The Cabbage Patch Kid was one of the most successful toys of the Eighties, but the strange appearance of the dolls led to them becoming the butt of many jokes. One of the biggest of these was the creation of a entire range of characters known as the Garbage Pail Kids.
The Garbage Pail Kids were a series of trading cards (that were also peel off stickers) which were initially styled to look very much like a Cabbage Patch Kid, but were normally given a much more disgusting look such as being covered in weeping sores or having no arms or legs, or were having some kind of terrible (though comical) punishment inflicted upon them.
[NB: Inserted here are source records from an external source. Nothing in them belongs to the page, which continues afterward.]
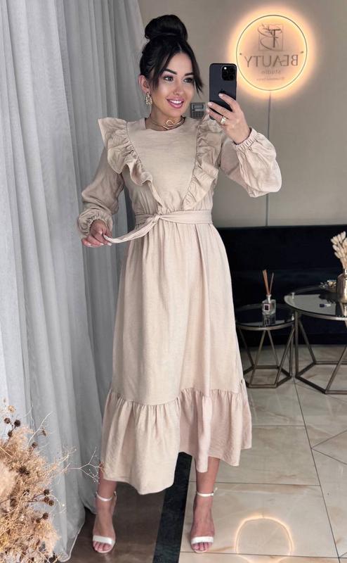 Бежева сукня міді з рюшами 💗 жіноча сукня міді 💗 красива жіноча сукня 💗
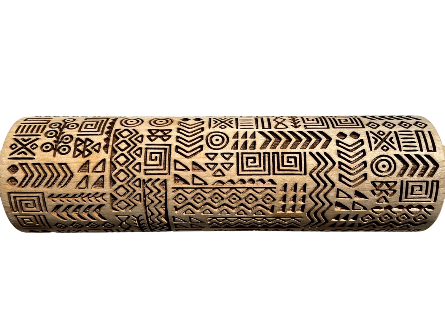 TRIBAL Embossing Rolling Pin. Laser Engraved Dough Roller for Embossed Cookies or Pottery by Algis Crafts
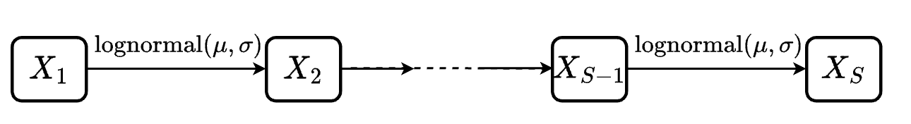 The duration for any transition \(X_i \rightarrow X_{i+1}\) is set to follow a log-normal distribution with \(\mu = 2.2\) and \(\sigma = 0.4\)
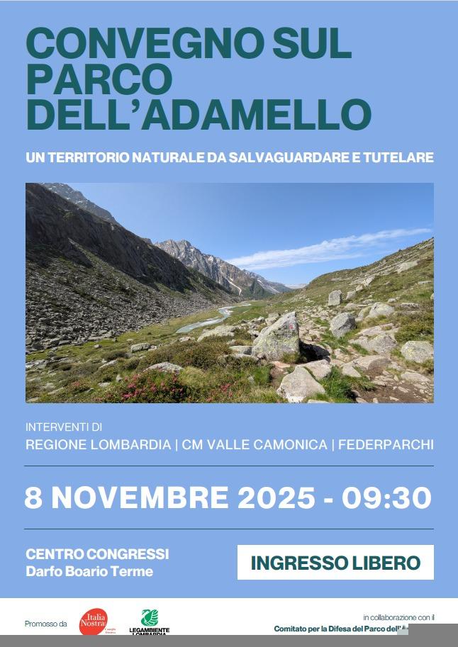 Segnaliamo ai nostri lettori che il giorno Sabato 8 Novembre, alle ore 09:30, presso il Centro Congressi di Darfo Boario Terme in Via Romolo Galassi 30 (qui link a google maps) si terrà un convegno sul Parco dell’Adamello promosso da Italia Nostra e Legambiente in collaborazione con il Comitato per la difesa del Parco dell’Adamello.
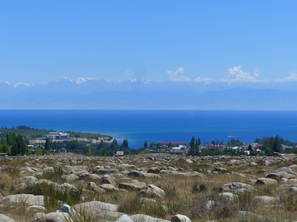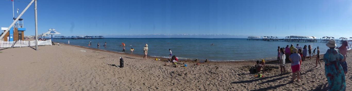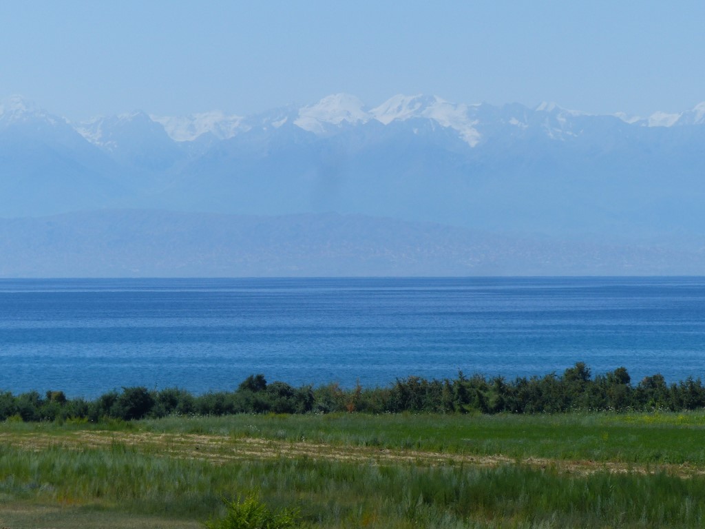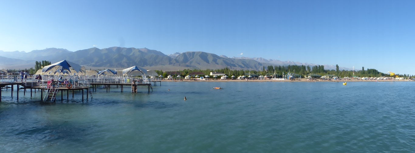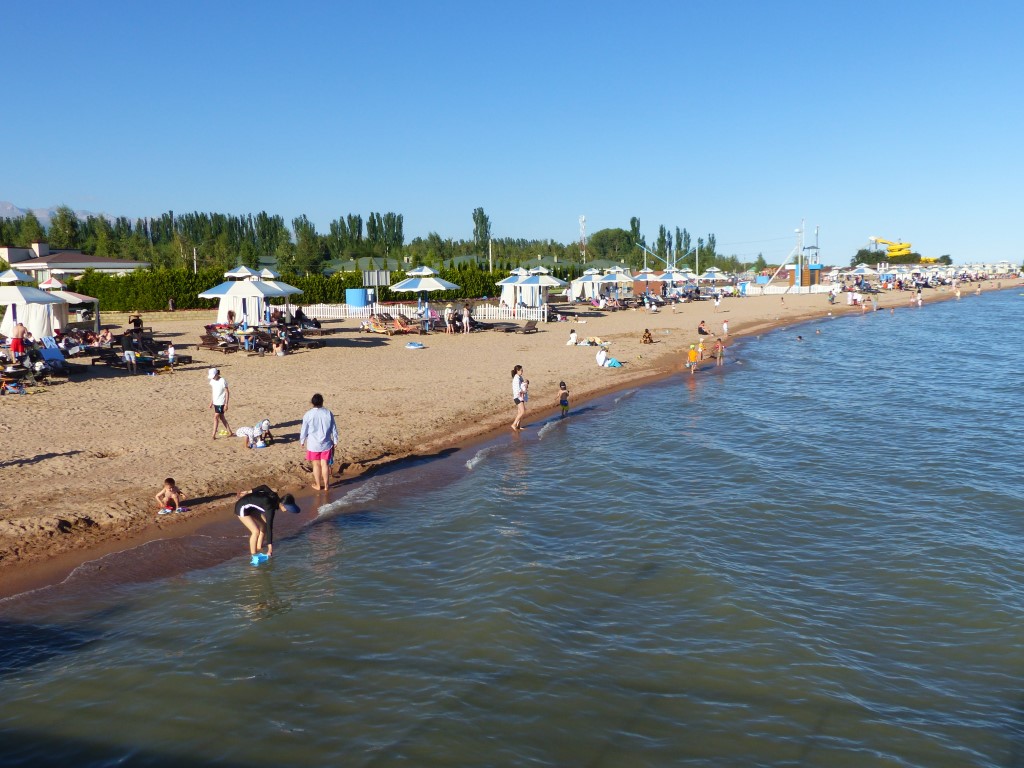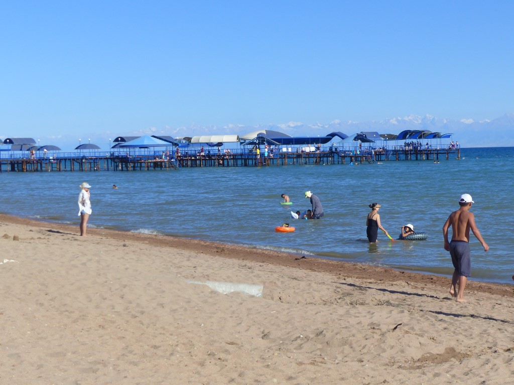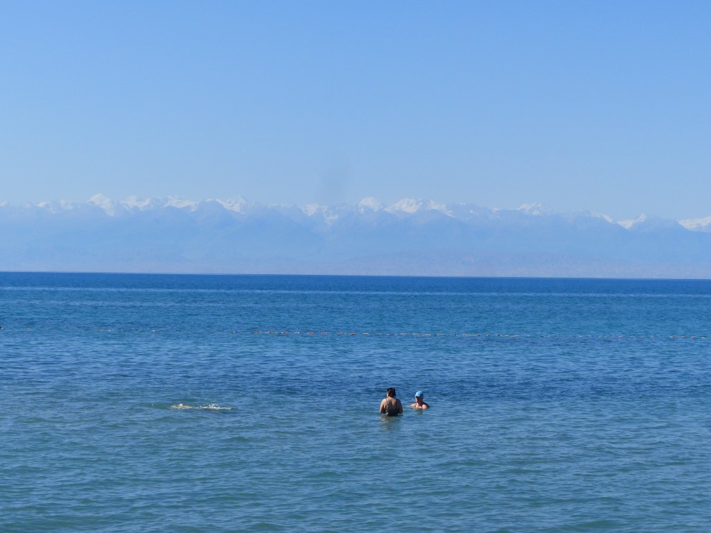 Nous déposons nos affaires, prenons une pause d'une heure puis allons nous baigner au lac Issyk Kul qui signifie en Kirghize "lac chaud". Effectivement, l'eau est bonne. Elle semble parcourue par des courants tantôt chauds, tantôt frais. En fait, le lac s'est formé lors de la rencontre de deux plaques tectoniques ce qui explique ces sources chaudes.
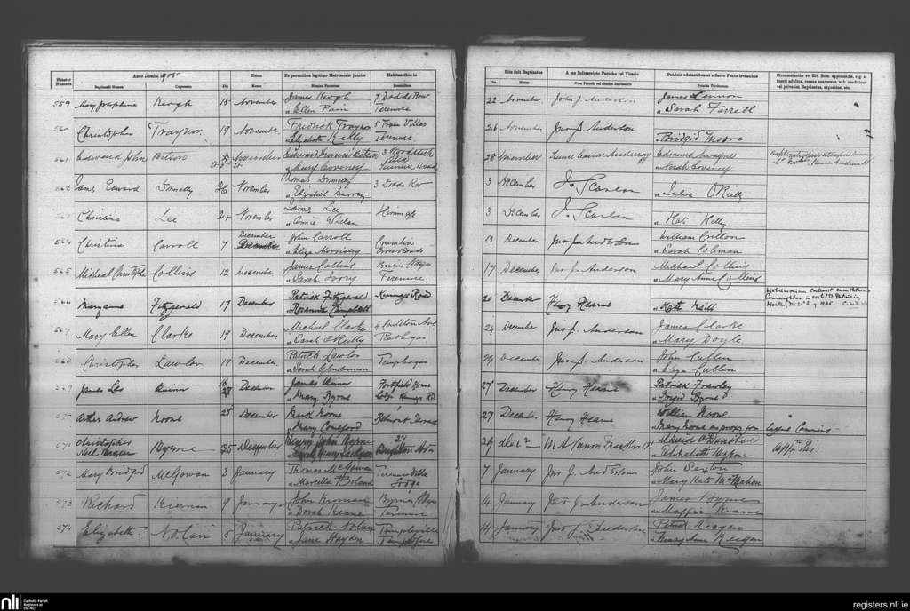 Terenure; County of Dublin; Archdiocese of Dublin. Baptisms, Nov. 1905 to Jan. 1906
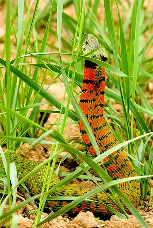“鸡冠蛇”在民间传说中是一种非常危险的蛇,它们不仅有强烈的攻击性,还会发出类似母鸡的“咯咯咯”叫声。古籍《录异记》中也有关于“鸡冠蛇”的记载,描述它的头部像雄鸡,身长约一尺,围绕数寸,被其咬伤的人必定会丧命。
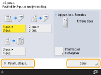 Rodoma nustatymo būsena, pvz., kopijavimo mastelis, kopijavimo popierius ir kopijų skaičius. Jei norite pakeisti parametrą, pasirinkite reikiamą parametro elementą.
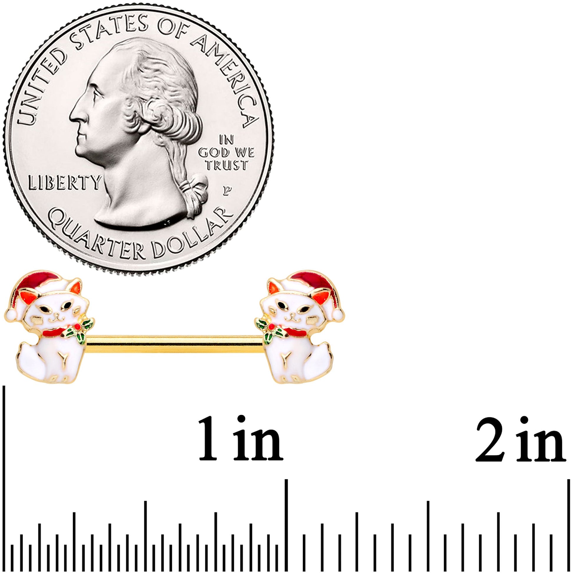 Someone's all dressed up and ready to deliver presents on this 14 gauge nipple jewelry! It's made with 14mm gold tone plated over 316L surgical grade stainless steel curved barbells. Each of the ends features a white cat charm, with a festive red collar. The cat is further embellished with a red Santa hat with white trim. This kitty Santa Claus is sure to sure to make your nipple piercings purr this Christmas with these festive, feline nipple rings! Sold as a set of two.Specifications
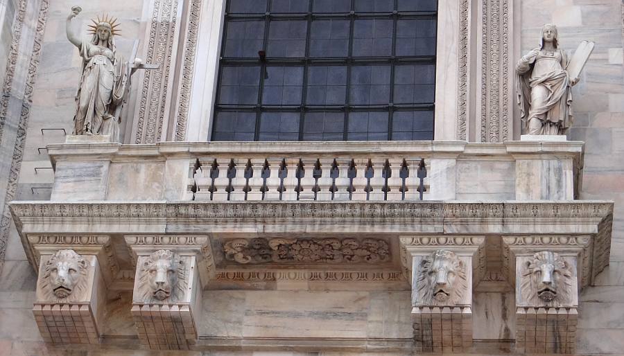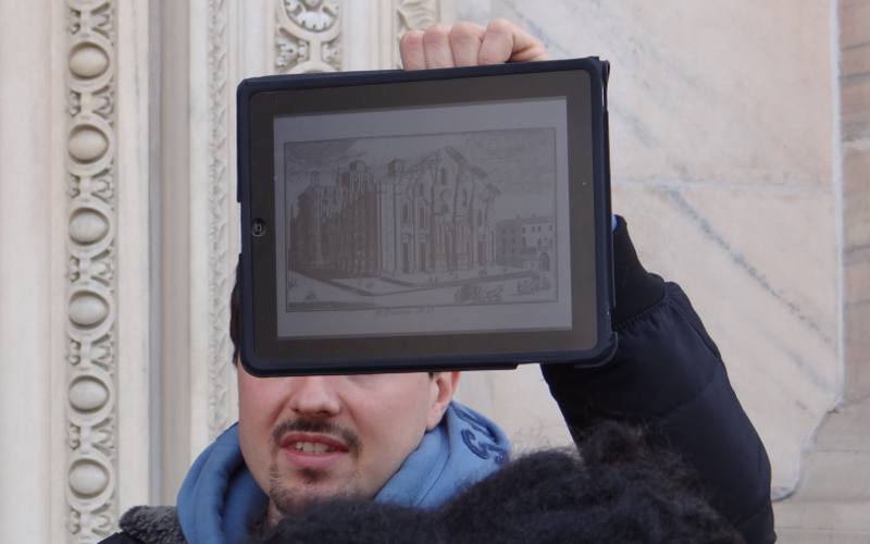Goudin Ludovic was our guide for the Best of Milan tour Sunday, day 9 We started the day by returning to the Piazza del Duomo on the Metro. After a quick breakfast at a restaurant in the Galleria we headed over to the Vittorio Emanuele II Statue in Piazza. At least we assume it was there, the statue is currently covered by scaffolding and the restoration is expected to continue until late October. We were there for LastSupperTickets' "Best of Milan" tour and were met by our guide and a technician who outfitted all of us with receivers and ear buds for the tour. Our guide was a young French man who is living in Milan, Goudin Ludovic. With this being a Sunday, the tour could not go inside the Duomo di Milano (Milan Cathedral). That was part of the reason that we visited the Cathedral on our own on the day before. But Goudin did take us around the outside of the church and give us more background which we had not learned on the day before. He used a tablet computer to show us images to better explain the history. The tour also went through the Galleria Vittorio Emanuele II before leaving the immediate area of the Piazza del Duomo. The headphone worked fairly well, but did hurt the interaction between the tour guide and the people taking the tour. I think it would have been good if we had gone in the cathedral, but it probably reduced the quality of the overall tour.
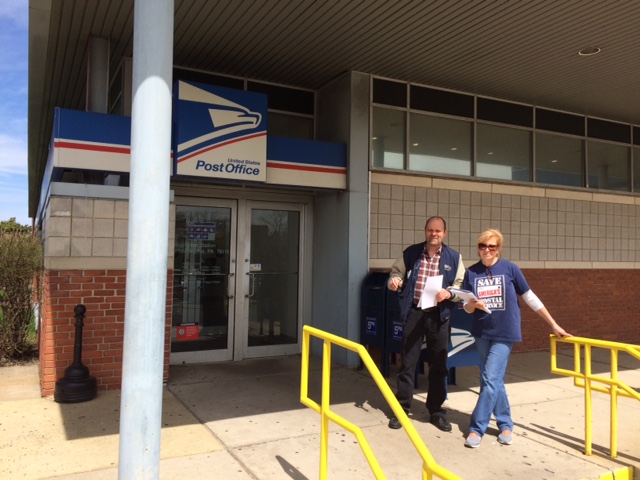 APWU members passed out flyers outside post offices on April 15, spreading the word to customers that the Postal Service does not receive a dime of taxpayer money. Click here for more photos.

Each of the designs were then given names which played well off the depicted character. For example, a zombie like character might be called Deady Eddie (not sure if this was a real name or not, I just made it up to give you the idea). In actual fact, most of the designs in the series were actually used twice with the only differences being the use of another name.
Given kids often like anything weird and disgusting like this the cards were an instant hit, and unsurprisingly many adults disliked them intensely. Schools started to ban children from taking them to classes because they were too distracting (which I suppose is a fair point), and eventually the makers of Cabbage Patch Kids also forced Topps, the makers of Garbage Pail Kids, to stop making the characters look so similar to the dolls.
Their popularity led to a film being released in 1987 (which failed to set the box office alight and vanished without trace – I can’t say I ever remember hearing about it at the time) and also a cartoon series, which didn’t air for many years after it was created due to the TV companies receiving lots of complaints from parents.
Sadly the Garbage Pail Kids popularity eventually started to wane, and in 1988 they went out of production. However, in 2003 Topps revisited the idea and released a whole new range of cards in the US (I’m not sure if they are available elsewhere, it is possible) and they have continued releasing new sets of cards (they are now on to the seventh series of cards!) to this day.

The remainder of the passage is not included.